On the infrastructure side, the company needed to be able to scale up more quickly, reduce the complexity of maintaining and evolving the fleet, reduce maintenance times , and overall reduce the burden of maintaining operational condition. The infrastructure teams also wanted to move towards infrastructure as code, and benefit from the advantages of automation, reliability and replicability . 

On the development side, the teams needed to be able to test faster . And to do this: reduce the CI/CD bottleneck during usage peaks, reduce the technological gap between the developer’s workstation and production, and make developers more autonomous.

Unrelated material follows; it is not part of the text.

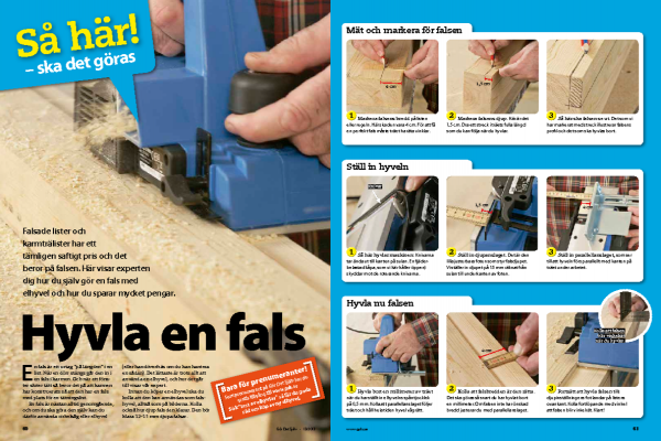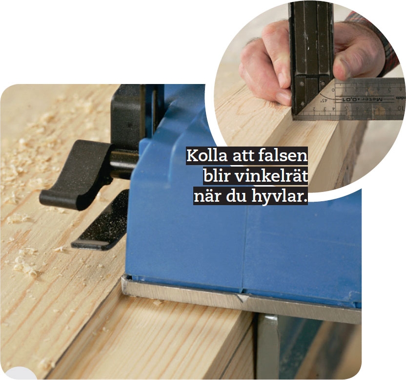 Kolla att falsbredden är den rätta. Det ska göras så snart du har hyvlat bort en millimeter. Om falsen inte har önskad bredd justerar du med parallellanslaget.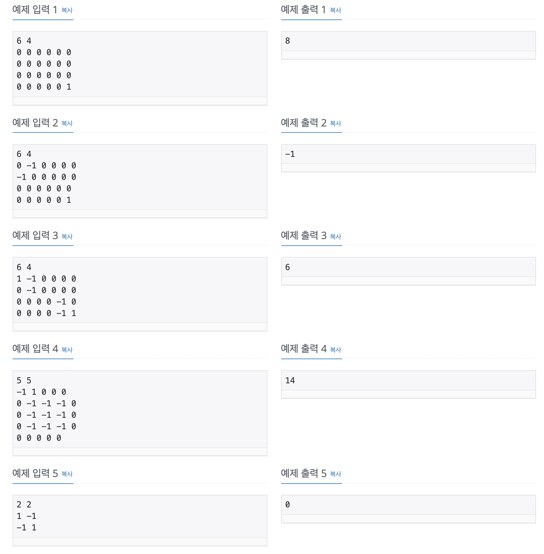 첫 줄에는 상자의 크기를 나타내는 두 정수 M,N이 주어진다. M은 상자의 가로 칸의 수, N은 상자의 세로 칸의 수를 나타낸다. 단, 2 ≤ M,N ≤ 1,000 이다. 둘째 줄부터는 하나의 상자에 저장된 토마토

It is to meet all of these needs that SAFTI has chosen to migrate to the AWS Cloud. The gains observed following the migration are impressive: 

  • Creation of a CI/CD: 1 day -> 1 hour
  • Production start-up: 2 hours -> 1 minute
  • Today 100% of projects have CI/CD

On the infrastructure side, the migration implemented the following elements: creation of an AWS Landing Zone with multi-account architecture and centralized AWS SSO authentication, Kubernetes EKS clusters, use of Karpenter for node management (horizontal scaling), IAC & architecture with Terraform, and orchestration of Terraform CI/CD.

Interview Tommy Vinhas – Cloud&DevOps Architect

What were the goals of migrating to AWS?

SAFTI is growing very strongly, so we needed scalability that a traditional provider could not offer us. We wanted to be able to adapt the size of our infrastructure according to our needs, and to be able to increase or decrease the number of resources ( scale up/down ).

This migration covered the entire scope of the IS – all web hosting is migrated to AWS.

How did you prepare for the migration, from a technical and human point of view?

Devoteam Revolve supported us with the setup and design of the Landing zones , then we recruited to lead the migration internally: we looked for qualified profiles, with good experience of the AWS Cloud.

On the technical side, we established an inventory of our resources, applications and services internally, then we attached them to AWS services when they existed. When there was no equivalent service, we defined a migration roadmap , based on our objectives for the application/service, possible areas for improvement, and AWS managed services that could meet our needs. For example, we chose the Kubernetes EKS orchestrator on AWS, for others we started classic machines.

Is recruiting qualified profiles a challenge?

Finding experienced profiles on AWS and Kubernetes, yes it is clearly a challenge, these are rare profiles. It is all the more complicated as the market is tense in the Toulouse area, with large aeronautical or automobile groups facing some of the talent.

We therefore quickly changed our recruitment strategy , to look for qualified people on AWS or Kubernetes; we also focused on our technological progress; when recruiting, we were 6 months ahead of the migration with the internal team. We set up a small onboarding during recruitment: presentation of technical advances to candidates, inventory and medium/long term vision. For a candidate, it’s a challenging context, and it’s interesting to know what you’re getting into.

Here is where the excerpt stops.